For the int type related to the platform, this depends on whether the platform is 32-bit or 64-bit, and the largest is taken. For example, when I test it myself, the above output will find that the sizes of int and int64 are the same, because my computer is a 64-bit platform.
func Sizeof(x ArbitraryType) uintptr
The above is Sizeofthe function definition, which receives a ArbitraryTypetype of parameter and returns a uintptrtype of value. ArbitraryTypeDon't worry about it here , it's just a placeholder. The type is exported for documentation considerations, but it is generally not used. We only need to know that it represents any type, that is, our function can receive any type of data.

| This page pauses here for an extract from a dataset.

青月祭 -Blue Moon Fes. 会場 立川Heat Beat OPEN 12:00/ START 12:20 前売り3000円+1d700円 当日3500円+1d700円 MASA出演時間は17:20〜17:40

// ArbitraryType is here for the purposes of documentation only and is not actually
// part of the unsafe package. It represents the type of an arbitrary Go expression.
type ArbitraryType int
Alignof function
AlignofReturns a type of alignment value, which can also be called alignment factor or alignment multiple. The alignment value is a value related to memory alignment. Reasonable memory alignment can improve the performance of memory read and write. For the knowledge of memory alignment, please refer to related documents, which will not be introduced here.
From the output of the above example, it can be seen that the alignment value is generally 2^n, and the maximum will not exceed 8 (for the reason, see the memory alignment rules below). AlignofThe function definition Sizeofis basically the same. It should be noted here that the results of each person's computer may be different, similar to each other.

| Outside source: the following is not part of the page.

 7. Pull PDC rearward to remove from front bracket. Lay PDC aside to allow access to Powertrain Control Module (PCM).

func Alignof(x ArbitraryType) uintptr
In addition, the function of the reflection package can also be used to obtain the alignment value, that is to say: unsafe.Alignof(x)equivalent to reflect.TypeOf(x).Align().
Offsetof function
OffsetofThe function is only applicable to the offset of the field in the struct structure relative to the memory location of the structure. The offset of the first field of the structure is 0.
func main() {
var u1 user1
fmt.Println(unsafe.Offsetof(u1.b))
fmt.Println(unsafe.Offsetof(u1.i))
fmt.Println(unsafe.Offsetof(u1.j))
}
type user1 struct {
b byte
i int32
j int64
}
The offset of the field is the starting position of the field in the memory layout of the struct structure (the memory location index starts from 0). According to the offset of the field, we can locate the fields of the structure, and then we can read and write the fields of the structure, even if they are private, does it feel like a hacker. The concept of offset, we will introduce in detail in the next summary.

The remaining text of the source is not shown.